Le sort réservé au corps d’Oussama Ben Laden en aura choqué plus d’un. Et tout particulièrement Pierre Bénard, meurtri par les barbarismes qu’a engendrés cette pratique funéraire. Ce défenseur de la langue française, docteur ès lettres, chroniqueur de langue au Figaro pendant dix ans, et notamment auteur d’« Au nord du grand canal », revient avec nous sur cet idiotisme journalistique que l’on ose à peine prononcer : « inhumé en mer ».

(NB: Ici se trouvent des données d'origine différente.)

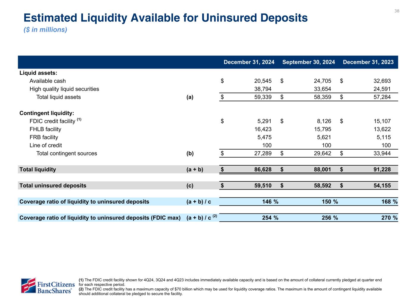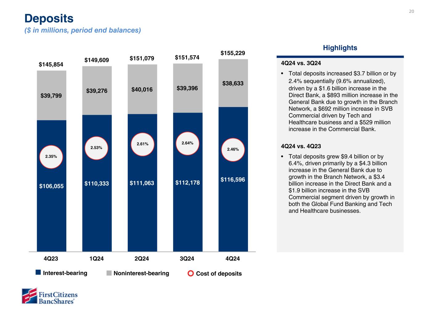 -2024年12月31日現在の預金残高は1,552億3,000万ドルで、2024年9月30日以降36億6,000万ドル増加した(年率9.6%増)。預金の伸びは以下の通り:

Au début du mois de mai 2011, un événement considérable a donné lieu, dans les dépêches et les journaux, à de curieuses formulations. Pour dire que la dépouille de l’homme qu’on avait tué avait été livrée aux profondeurs de la mer, on a parlé d’un corps « inhumé dans la mer » et d’autres fois d’un corps « enterré dans la mer ». Dans « inhumer » il y a « terre » (« humus ») de sorte que la faute est dans les deux cas exactement la même, simplement plus voyante, plus criante encore dans « enterré dans la mer ». Mettre en terre un cadavre quand cette terre est ... la mer, c’est, au sens propre, chaotique, c’est revenir à ce « khaos » des Grecs, qui désigne la masse confuse des éléments répandue dans l’espace. Beau succès que je n’ose dire... posthume, pour celui qui avait juré de jeter le monde dans les plus violentes perturbations.
Le fait est qu’il y eut, pour dire l’événement, du tangage dans le vocabulaire. J’ai vu le même communiqué porter « enterré dans la mer » en titre et « inhumé dans la mer » dans le texte. Chez les rédacteurs, l’hésitation, le malaise étaient, comme on aime à dire, « palpables ». Ce cadavre, au lieu de le mettre en terre, on l’avait plongé dans la mer. Comment le dire ?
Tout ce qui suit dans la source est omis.